Yang Tao, Ma Li
Creation Research and Development Institute, Yunnan Design Institute Group Engineering Investment Co., Ltd, Kunming, China.
PLoS One. 2025 Jul 24;20(7):e0326845. doi: 10.1371/journal.pone.0326845. eCollection 2025.
The transition to a service-based economy represents a key global macroeconomic trend, with productive services playing a critical role in driving economic growth. For China, the development of productive services is a strategic priority in its pursuit of high-quality development. Most existing research primarily relies on traditional data to examine the spatial agglomeration and influencing factors of productive services in economically advanced regions, often overlooking the integration of multi-source data and spatial analyses in less developed areas. This study focuses on Kunming as the case study, employing methods such as Standard Deviation Ellipses (SDE), Kernel Density Estimation (KDE), and Local Spatial Autocorrelation (Moran's I) to investigate its spatial differentiation and agglomeration patterns. Additionally, Geodetector is applied to analyze influencing factors, utilizing multi-source data including Point of Interest(POI), LandScan, the annual China Land Cover Dataset (CLCD), OpenStreetMap (OSM), and socio-economic data to examine the evolutionary patterns of productive services. The findings suggest that Kunming's productive service sectors currently exhibit a predominant southward diffusion, influenced primarily by transportation infrastructure and economic conditions. Moreover, different categories of productive services exhibit unique spatial differentiation and influencing factors. Moving forward, it is essential to prioritize upgrading the internal structure of productive services to foster sustainable and high-quality sectoral development.

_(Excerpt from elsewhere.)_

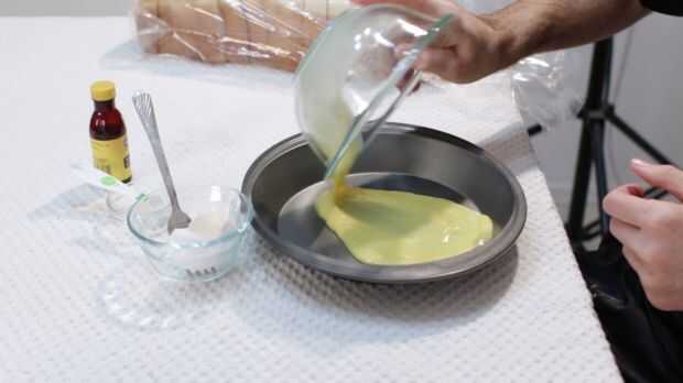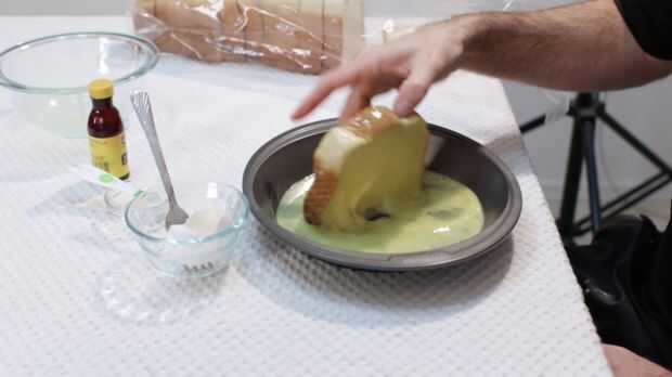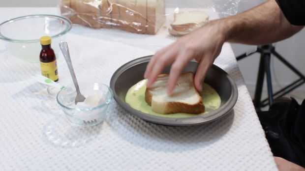Ahora tomamos la masa y colocar en un recipiente poco profundo o un pan. Me gusta usar un molde de tarta. Envase de tupperware superficial funciona muy bien así. Pues mojar tus rebanadas de pan, asegurándose de cubrir ambos lados y drenando el exceso hacia la Panamericana/tazón de fuente.

向服务型经济的转型是全球关键的宏观经济趋势,生产性服务业在推动经济增长方面发挥着关键作用。对中国而言,发展生产性服务业是其追求高质量发展的战略重点。现有的大多数研究主要依靠传统数据来考察经济发达地区生产性服务业的空间集聚及其影响因素,往往忽视了欠发达地区多源数据的整合与空间分析。本研究以昆明为案例,运用标准差椭圆(SDE)、核密度估计(KDE)和局部空间自相关(莫兰指数I)等方法,研究其空间分异和集聚模式。此外,利用地理探测器分析影响因素,采用包括兴趣点(POI)、LandScan、年度中国土地覆盖数据集(CLCD)、OpenStreetMap(OSM)等多源数据以及社会经济数据,来考察生产性服务业的演化模式。研究结果表明,昆明的生产性服务业目前主要呈现向南扩散的态势,主要受交通基础设施和经济状况的影响。此外,不同类别的生产性服务业表现出独特的空间分异和影响因素。展望未来,必须优先升级生产性服务业的内部结构,以促进该行业的可持续和高质量发展。